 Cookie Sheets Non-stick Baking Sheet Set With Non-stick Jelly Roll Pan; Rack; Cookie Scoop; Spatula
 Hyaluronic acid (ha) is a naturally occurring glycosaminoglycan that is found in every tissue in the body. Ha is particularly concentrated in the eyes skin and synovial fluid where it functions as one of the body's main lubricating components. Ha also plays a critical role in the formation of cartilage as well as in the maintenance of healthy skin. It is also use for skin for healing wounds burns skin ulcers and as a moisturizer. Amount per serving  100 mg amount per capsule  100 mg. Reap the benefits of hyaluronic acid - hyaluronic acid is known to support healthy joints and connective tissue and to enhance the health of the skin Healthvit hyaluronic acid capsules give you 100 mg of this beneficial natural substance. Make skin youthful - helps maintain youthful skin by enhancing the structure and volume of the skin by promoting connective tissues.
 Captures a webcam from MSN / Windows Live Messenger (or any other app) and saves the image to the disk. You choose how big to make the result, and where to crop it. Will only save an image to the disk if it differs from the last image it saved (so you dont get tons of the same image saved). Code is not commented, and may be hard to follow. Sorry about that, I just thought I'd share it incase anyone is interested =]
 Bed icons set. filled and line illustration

* * *

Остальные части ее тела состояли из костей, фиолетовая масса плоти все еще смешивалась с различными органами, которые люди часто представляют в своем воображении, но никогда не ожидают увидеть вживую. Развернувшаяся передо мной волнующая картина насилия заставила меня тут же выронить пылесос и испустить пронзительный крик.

* * *

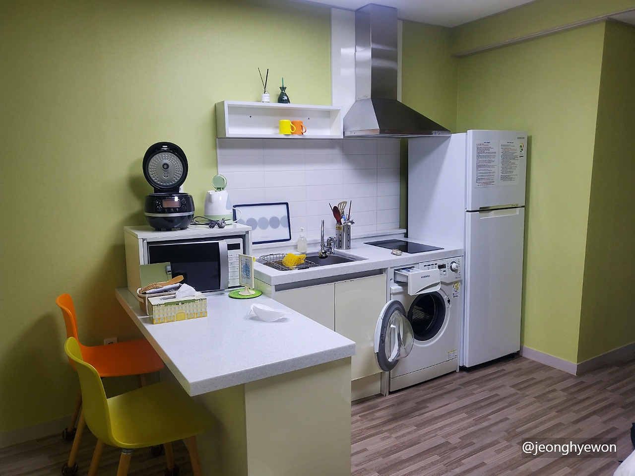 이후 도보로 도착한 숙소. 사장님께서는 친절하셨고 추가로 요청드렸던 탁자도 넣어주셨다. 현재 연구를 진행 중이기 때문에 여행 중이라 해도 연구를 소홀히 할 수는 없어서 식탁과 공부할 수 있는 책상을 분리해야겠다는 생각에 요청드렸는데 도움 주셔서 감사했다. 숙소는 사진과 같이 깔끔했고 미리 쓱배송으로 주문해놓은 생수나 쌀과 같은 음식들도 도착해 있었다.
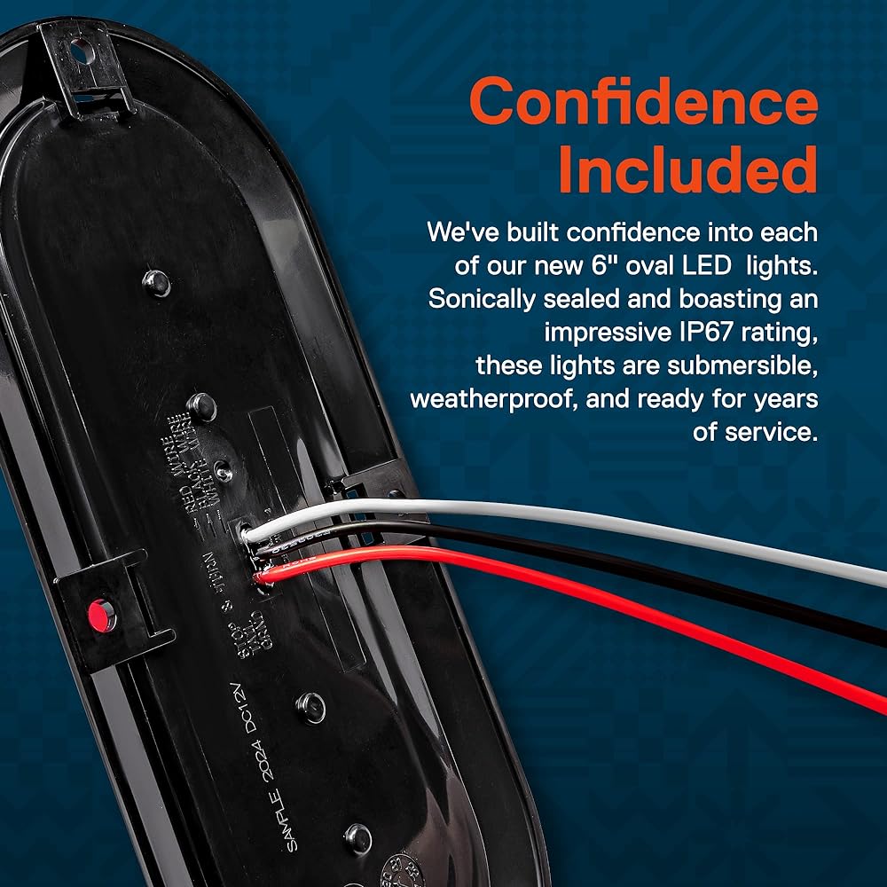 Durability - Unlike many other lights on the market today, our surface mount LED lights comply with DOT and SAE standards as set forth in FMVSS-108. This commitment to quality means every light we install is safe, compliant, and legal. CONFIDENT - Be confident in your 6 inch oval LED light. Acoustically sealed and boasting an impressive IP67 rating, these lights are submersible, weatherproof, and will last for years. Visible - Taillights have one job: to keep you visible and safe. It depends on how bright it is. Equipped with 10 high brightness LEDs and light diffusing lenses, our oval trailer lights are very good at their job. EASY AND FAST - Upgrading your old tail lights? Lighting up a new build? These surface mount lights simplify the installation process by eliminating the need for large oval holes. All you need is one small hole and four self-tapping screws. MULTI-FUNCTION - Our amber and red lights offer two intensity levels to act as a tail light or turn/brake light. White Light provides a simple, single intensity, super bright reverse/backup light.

_Work to complete_. Among the entries above, the lines between the ones containing "Cookie Sheets Non-stick" and "Hyaluronic acid (ha)", inclusive, are to be transcribed exactly. No other line is to be given.

_Final answer_.
 Cookie Sheets Non-stick Baking Sheet Set With Non-stick Jelly Roll Pan; Rack; Cookie Scoop; Spatula
 Hyaluronic acid (ha) is a naturally occurring glycosaminoglycan that is found in every tissue in the body. Ha is particularly concentrated in the eyes skin and synovial fluid where it functions as one of the body's main lubricating components. Ha also plays a critical role in the formation of cartilage as well as in the maintenance of healthy skin. It is also use for skin for healing wounds burns skin ulcers and as a moisturizer. Amount per serving  100 mg amount per capsule  100 mg. Reap the benefits of hyaluronic acid - hyaluronic acid is known to support healthy joints and connective tissue and to enhance the health of the skin Healthvit hyaluronic acid capsules give you 100 mg of this beneficial natural substance. Make skin youthful - helps maintain youthful skin by enhancing the structure and volume of the skin by promoting connective tissues.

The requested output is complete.